**Collected data**
************

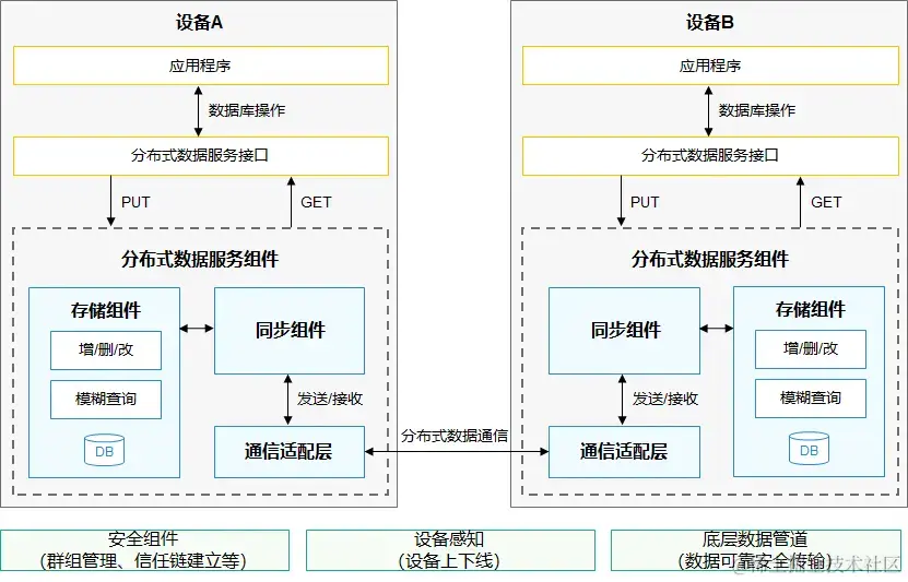 底层通信组件完成设备发现和认证,会通知上层应用程序(包括分布式数据服务)设备上线。收到设备上线的消息后分布式数据服务可以在两个设备之间建立加密的数据传输通道,利用该通道在两个设备之间进行数据同步。
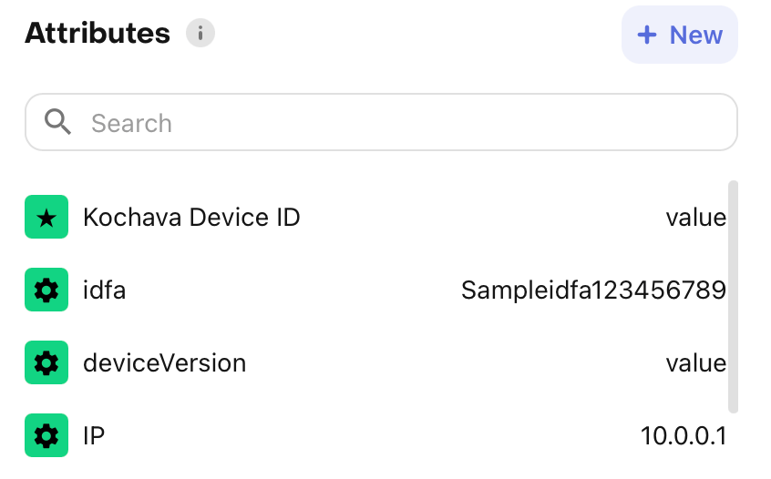 When calling the setKochavaDeviceId() helper, all of the required customer attributes will be automatically set. Alternatively, these properties can be set manually, like any other Attributes.
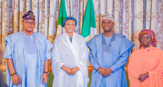 L-R: Senator Representing Lagos-Central and Chairman Senate Committee on Marine Transport, Senator Wasiu Eshinlokun Sanni; First Lady, Senator Oluremi Tinubu, CON; Senator Representing Lagos-East and Chairman Senate Committee on Banking and Finance, Senator Adetokunbo Abiru; and Senator Representing Lagos-West and Chairman, Senate Committee on Social Welfare and Poverty Alleviation, Senator Oluranti Adebule, During a Courtesy Visit to the First Lady in Her office, at the State House, Abuja, FCT
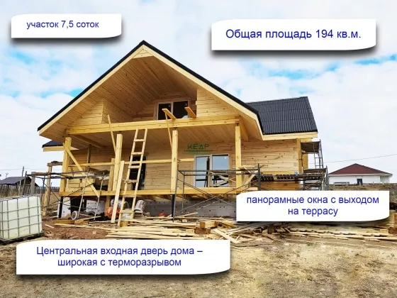 Представляем Вашему вниманию отличный вариант как для отдыха, так и для постоянного проживания - новый дом с террасой общей площадью 194 кв.м. на земельном участке 7,5 соток. Дом изготовлен из бруса размером 180х180 мм, установлены пятикамерные пластиковые окна, широкая входная дверь с терморазрывом. Дом продается в чистовой отделке, забор по периметру участка с воротами, отсыпанная дорожка до дома.

************

**Work request**
Starting at the line with "When calling the" and finishing at the line with "L-R: Senator Representing", copy the material above exactly, both lines included. Nothing else goes in, and no pictures.

**Exercise result**
 When calling the setKochavaDeviceId() helper, all of the required customer attributes will be automatically set. Alternatively, these properties can be set manually, like any other Attributes.
 L-R: Senator Representing Lagos-Central and Chairman Senate Committee on Marine Transport, Senator Wasiu Eshinlokun Sanni; First Lady, Senator Oluremi Tinubu, CON; Senator Representing Lagos-East and Chairman Senate Committee on Banking and Finance, Senator Adetokunbo Abiru; and Senator Representing Lagos-West and Chairman, Senate Committee on Social Welfare and Poverty Alleviation, Senator Oluranti Adebule, During a Courtesy Visit to the First Lady in Her office, at the State House, Abuja, FCT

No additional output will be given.